Some cell lines were selected to evaluate the inhibitory growth effect of NS-398 (Cayman Chemicals, Ann Arbor, MI) according to the staining patterns of COX-2. The cells were plated at 5 × 105 cells/well in six-well plastic dishes with 2 ml of 10% fetal bovine serum-supplemented medium for 24 h. The media were changed with serum-free (0.1% BSA) and phenol red-free ones containing various concentrations of NS-398, and cells were incubated for 5 days with refeeding at day 3.

For concentration-dependent experiments, media containing various concentrations of NS-398 (0, 1, 10, 50, and 100 μm) were used (27, 28). For time course experiments, media containing 100 μm NS-398 were used, and the cells were harvested daily for 5 days.

The cells were detached with 800 μl of trypsin-EDTA for 10 min at 37°C, washed, and resuspended in the medium. An aliquot was combined with an equal volume of trypan blue dye (Life Technologies, Inc.). The surviving cells were counted using a hemocytometer.

DAPI Staining.

DAPI, a DNA-binding fluorescent dye, was used to determine whether the mechanism of growth inhibition of these cell lines by NS-398 was apoptosis. After treatment with 100 μm NS-398 for 5 days, the cells were washed three times with PBS, fixed in a solution of 3.7% formaldehyde for 10 min, fixed once in 1 ml of methanol, and then stained with 4 μg/ml DAPI (Oncor, Gaithersburg, MD) for 10 min (29). The results were determined with visual observation of the nuclear morphology by fluorescence microscopy.

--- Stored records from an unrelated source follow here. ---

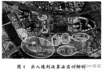 图4以口岸实际地图为例,演示了出入境判决算法的基本原理:
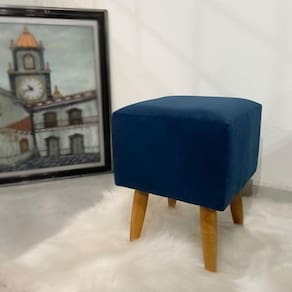 Puff Puf Quadrado Suede Azul Marinho Pés Palito - Preto
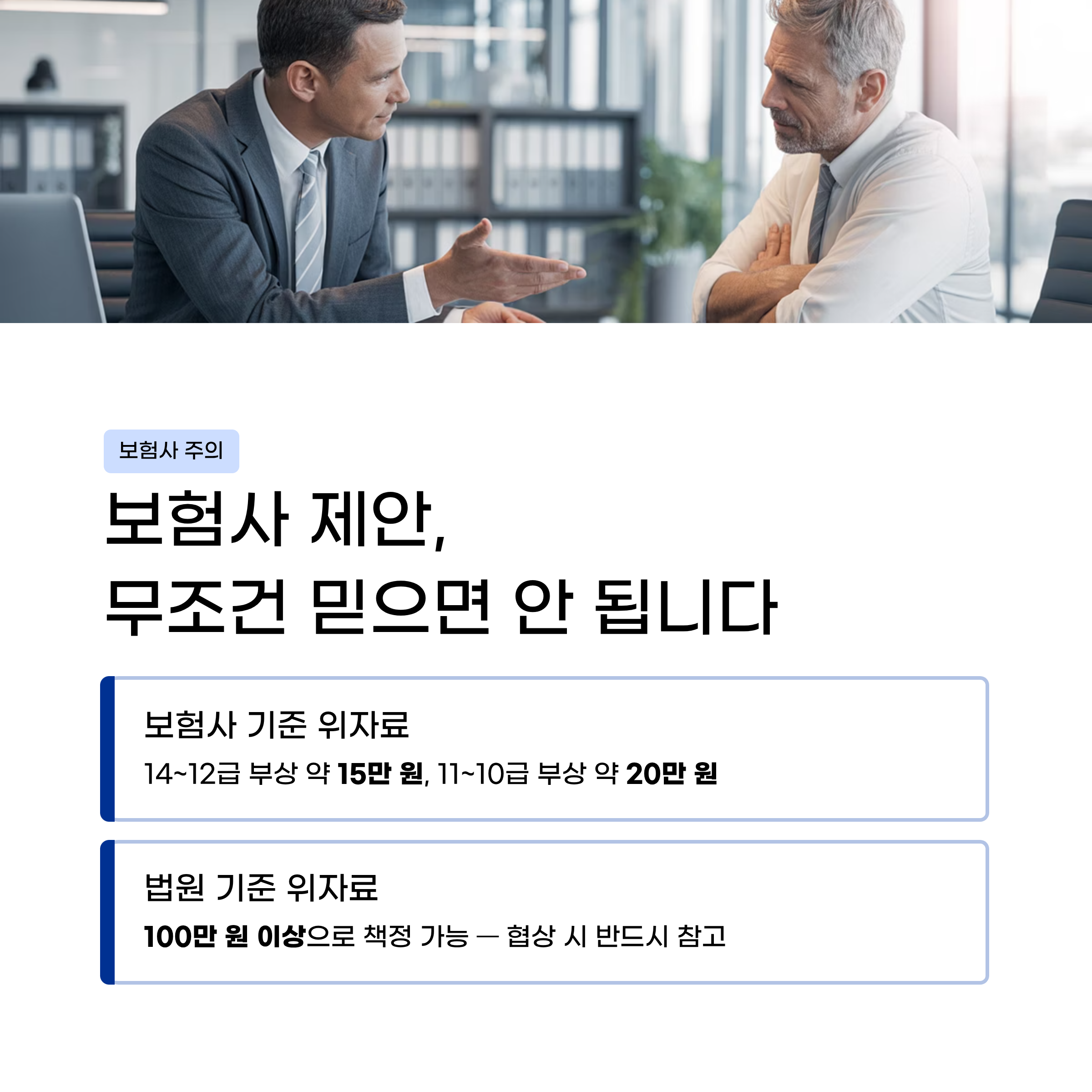 | 12~14급 부상 (경상) | 약 15만 원 | 100만 원 이상 가능 |

Clinicopathological Features.

Thirty-six subjects consisted of 29 males and 7 females; their mean age was 57 years of age (range, 38–77 years). Sixteen were HBV surface antigen-positive, four were anti-HCV antibody-positive, one had both HBV and HCV, six had alcohol-related liver diseases, and six had other non-B, non-C liver diseases. Three patients were undetermined (Table 1).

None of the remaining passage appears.